** Prompt **
Each line of the data below should be restated exactly, with images left out.

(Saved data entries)
•••
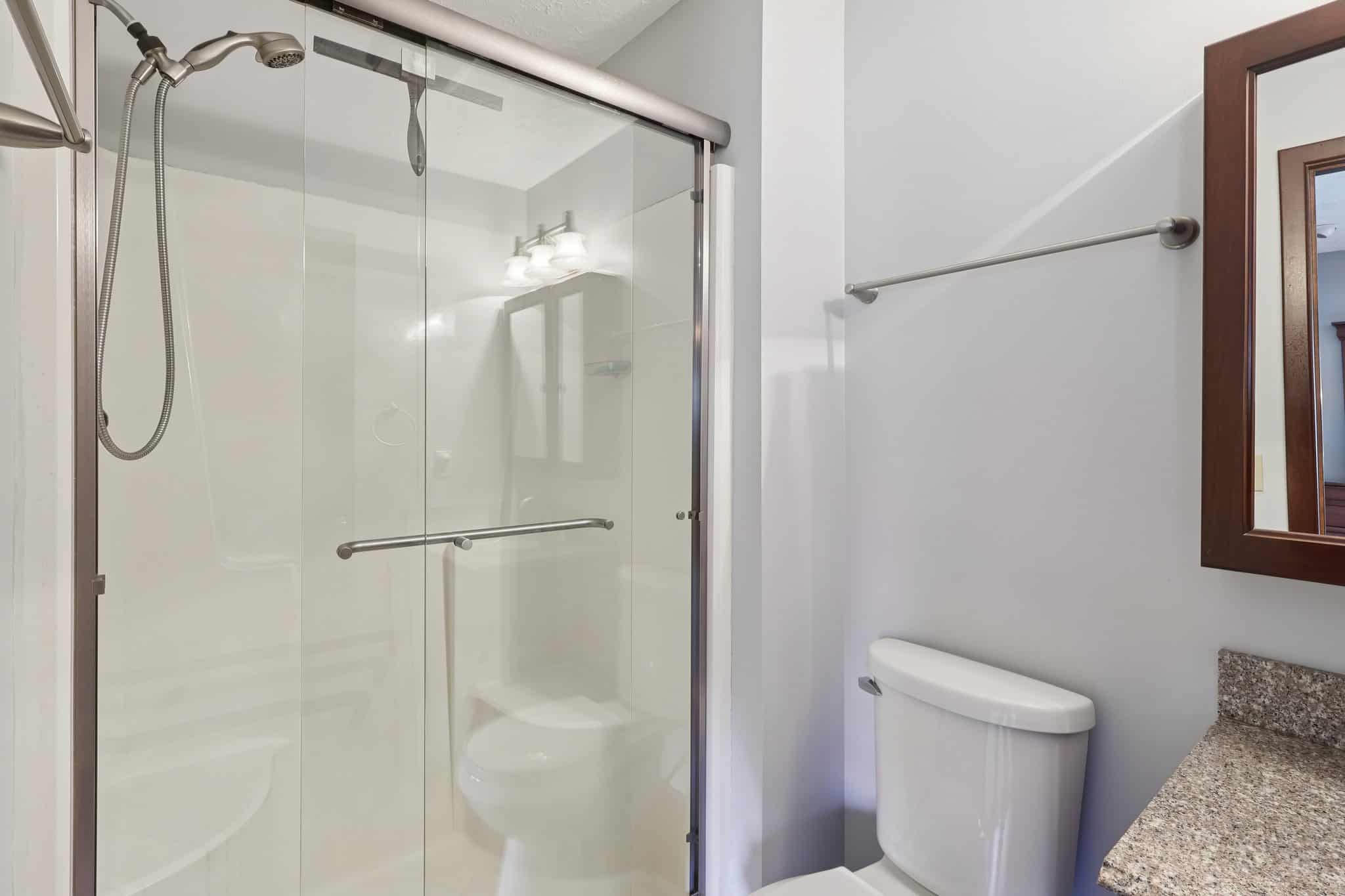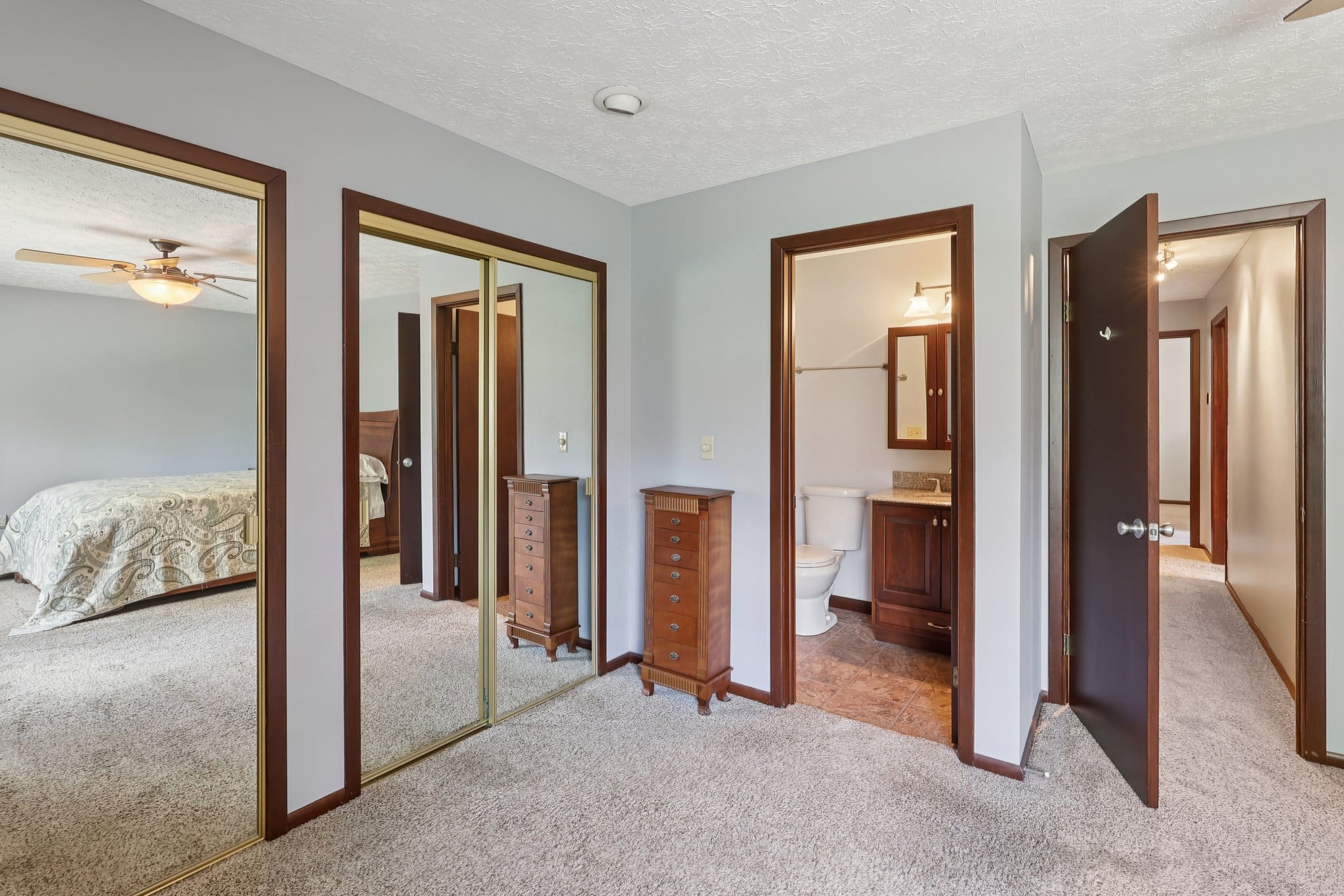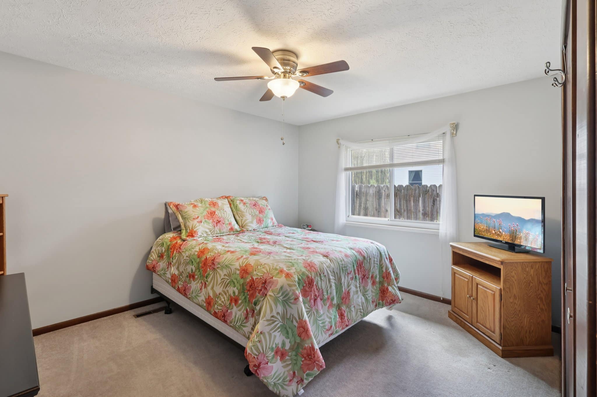 The private primary suite offers multiple closets and an ensuite bath, while two additional bedrooms and a full bathroom complete the main level.
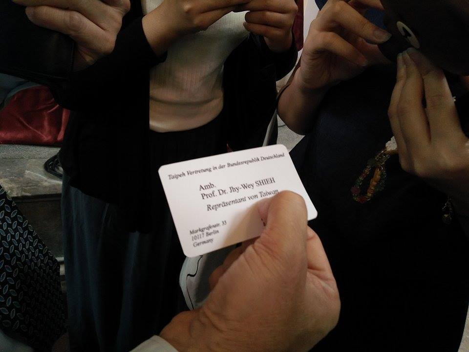 隨後,面對媒體跟他索取名片,謝志偉掏出名片,還特別翻到背後寫有德文處跟媒體說明,「這邊有台灣」。
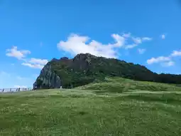 The walk to the top isn’t difficult — around 20 minutes up well-maintained steps — but it’s steep enough to get your heart pumping. Along the way, you get sweeping views of Jeju’s coastline, emerald fields, and the nearby village below. The crater itself is vast, quiet, and green — a caldera carved by time, now peaceful and still.
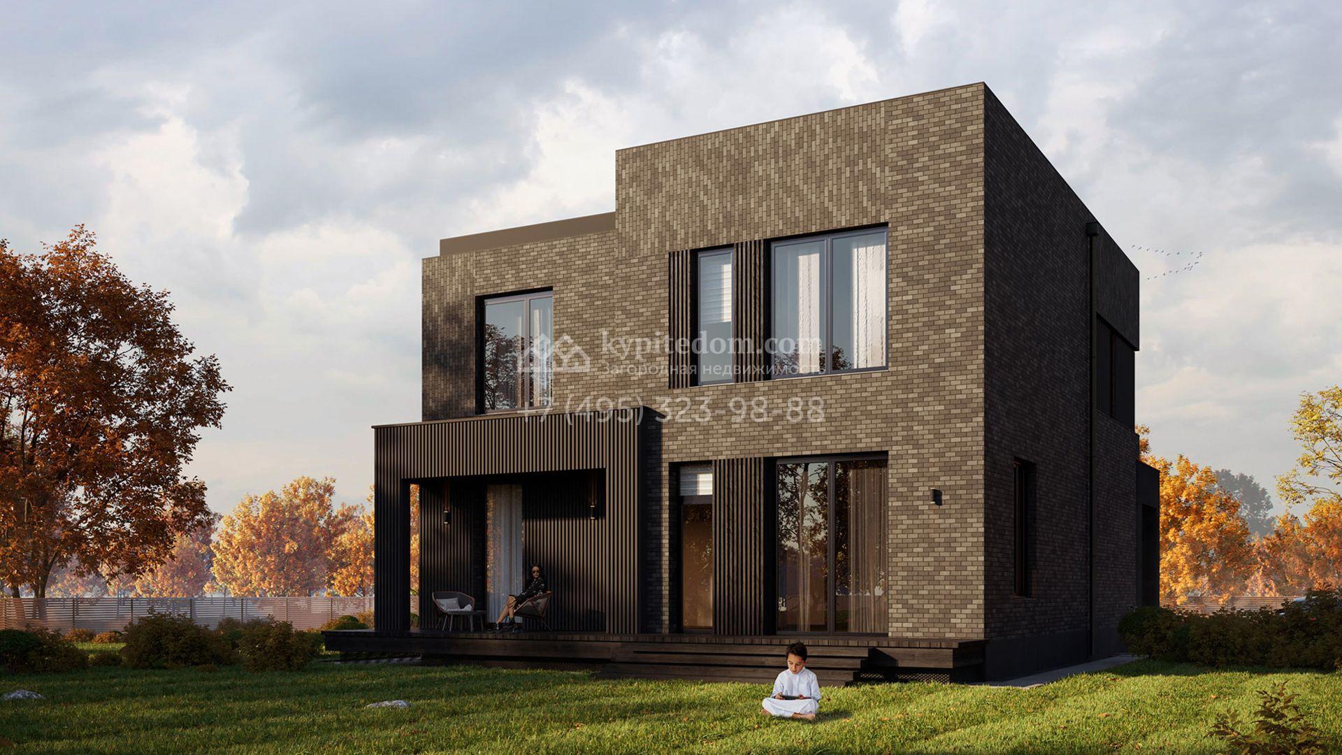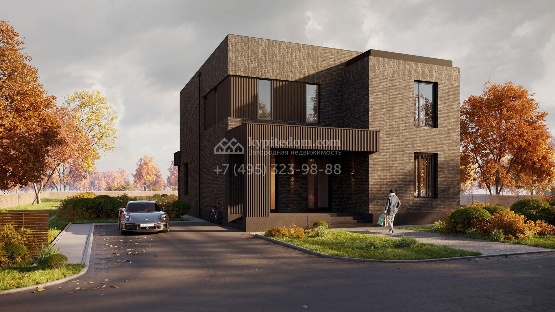 Дом по проекту Brownie площадью 291 м² построен на полевом участке 10,3 сотки. Фасад здания прямоугольной формы выполнен в современном стиле и облицован клинкерным кирпичом темного цвета и планкеном. Коттедж представлен без отделки. В резиденции спланировали 3 спальни, гостиную, кабинет, кухню-столовую и террасу. На участке выполнен ландшафтный дизайн, вымощены дорожки и уложен газон.
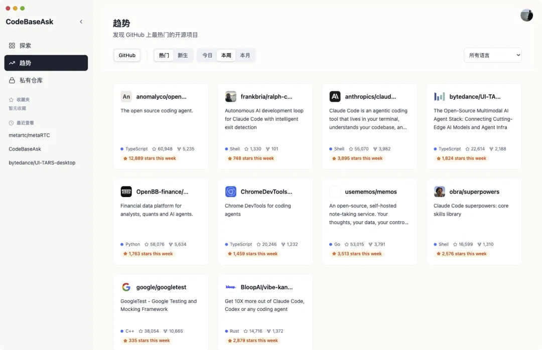 - 多维度筛选:按语言(Python、Go、JavaScript 等)筛选
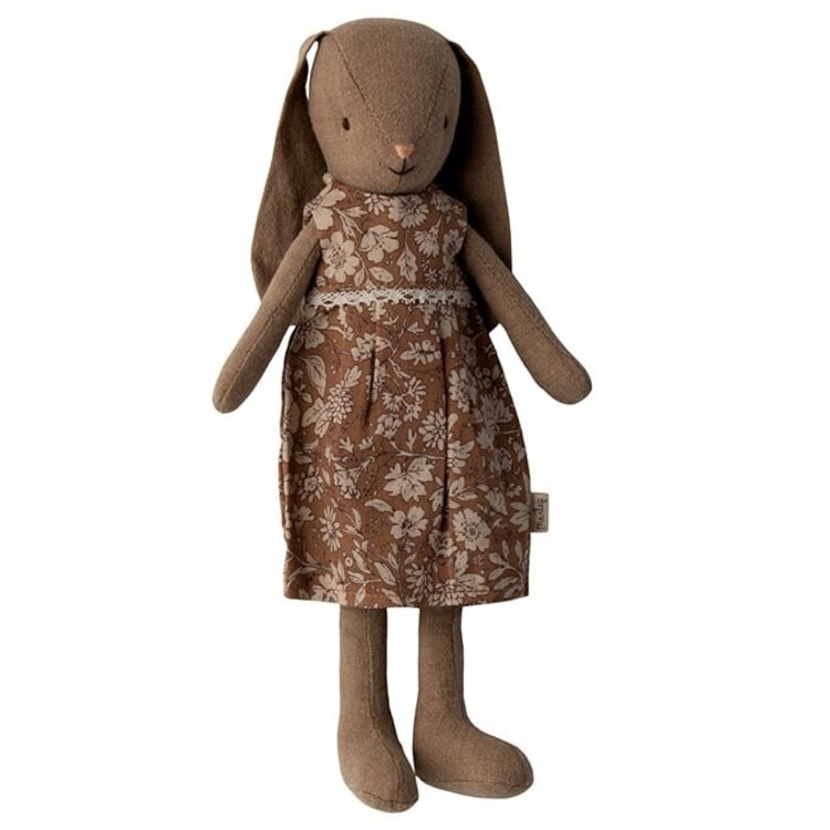 Met haar zachte bruine vacht en elegante jurkje is deze Maileg Bunny een plaatje om te zien. Ze straalt rust en zachtheid uit, perfect voor fantasierijke spelmomenten. Een tijdloze toevoeging aan elke Maileg-collectie.
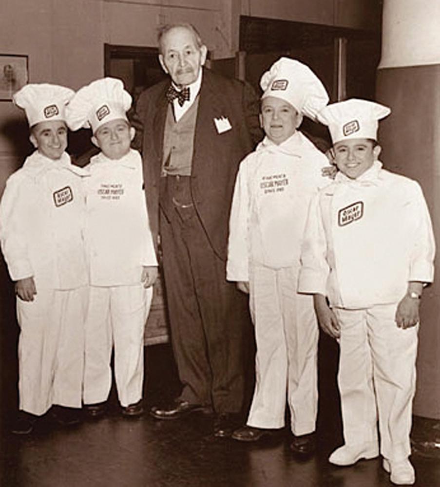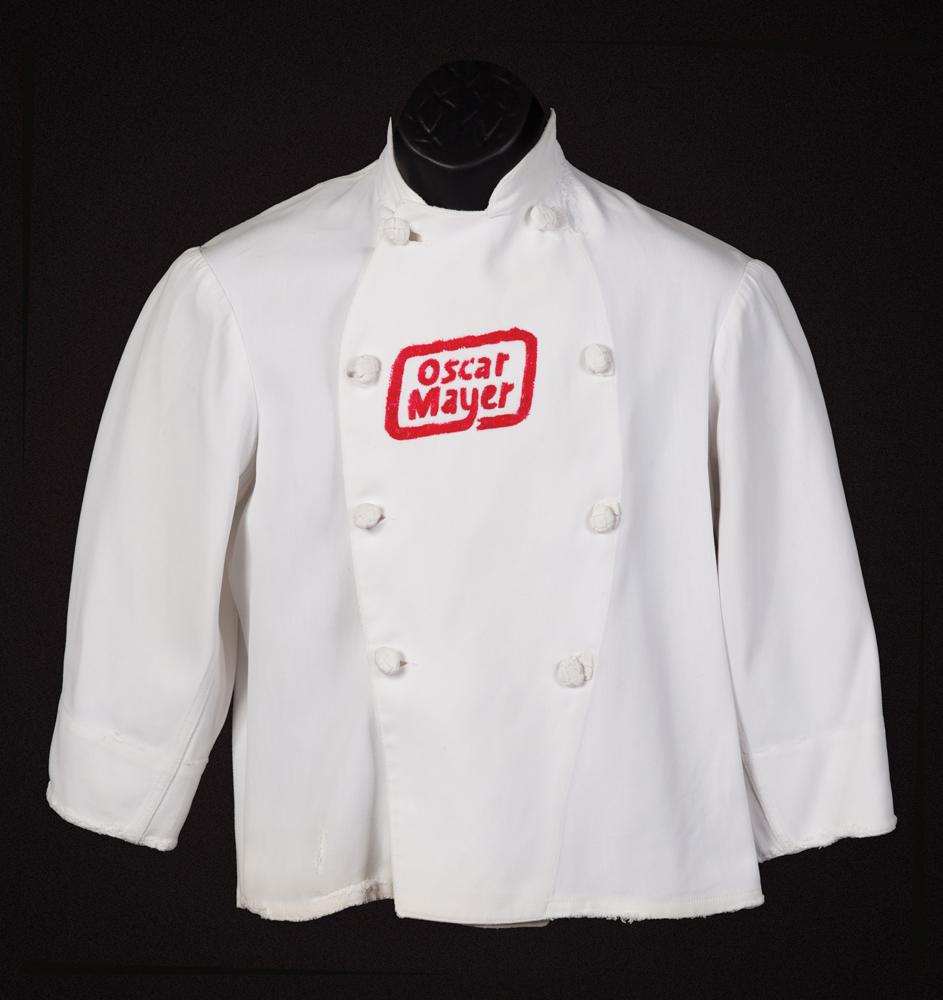 Little Oscar white cotton chef jacket sized for a small person with white buttons along the front closure and an applied rectangular “Oscar Meyer” logo patch at the center chest worn circa 1950s and beyond by actor Jerry Maren, who was advertised as being, “the world’s smallest chef.” During the same era, Maren as Little Oscar made numerous personal appearances with the 27-foot-long Oscar Meyer Wienermobile. Mr. Oscar Meyer personally created the character of the small chef in the 1930s, and equally noteworthy is the fact that Mr. Maren had previously played the role of a Lollipop Guild munchkin in the film, The Wizard of Oz (MGM, 1939). Acquired from Mr. Jerry Maren.
•••
** Task solution **
 The private primary suite offers multiple closets and an ensuite bath, while two additional bedrooms and a full bathroom complete the main level.
 隨後,面對媒體跟他索取名片,謝志偉掏出名片,還特別翻到背後寫有德文處跟媒體說明,「這邊有台灣」。
 The walk to the top isn’t difficult — around 20 minutes up well-maintained steps — but it’s steep enough to get your heart pumping. Along the way, you get sweeping views of Jeju’s coastline, emerald fields, and the nearby village below. The crater itself is vast, quiet, and green — a caldera carved by time, now peaceful and still.
 Дом по проекту Brownie площадью 291 м² построен на полевом участке 10,3 сотки. Фасад здания прямоугольной формы выполнен в современном стиле и облицован клинкерным кирпичом темного цвета и планкеном. Коттедж представлен без отделки. В резиденции спланировали 3 спальни, гостиную, кабинет, кухню-столовую и террасу. На участке выполнен ландшафтный дизайн, вымощены дорожки и уложен газон.
 - 多维度筛选:按语言(Python、Go、JavaScript 等)筛选
 Met haar zachte bruine vacht en elegante jurkje is deze Maileg Bunny een plaatje om te zien. Ze straalt rust en zachtheid uit, perfect voor fantasierijke spelmomenten. Een tijdloze toevoeging aan elke Maileg-collectie.
 Little Oscar white cotton chef jacket sized for a small person with white buttons along the front closure and an applied rectangular “Oscar Meyer” logo patch at the center chest worn circa 1950s and beyond by actor Jerry Maren, who was advertised as being, “the world’s smallest chef.” During the same era, Maren as Little Oscar made numerous personal appearances with the 27-foot-long Oscar Meyer Wienermobile. Mr. Oscar Meyer personally created the character of the small chef in the 1930s, and equally noteworthy is the fact that Mr. Maren had previously played the role of a Lollipop Guild munchkin in the film, The Wizard of Oz (MGM, 1939). Acquired from Mr. Jerry Maren.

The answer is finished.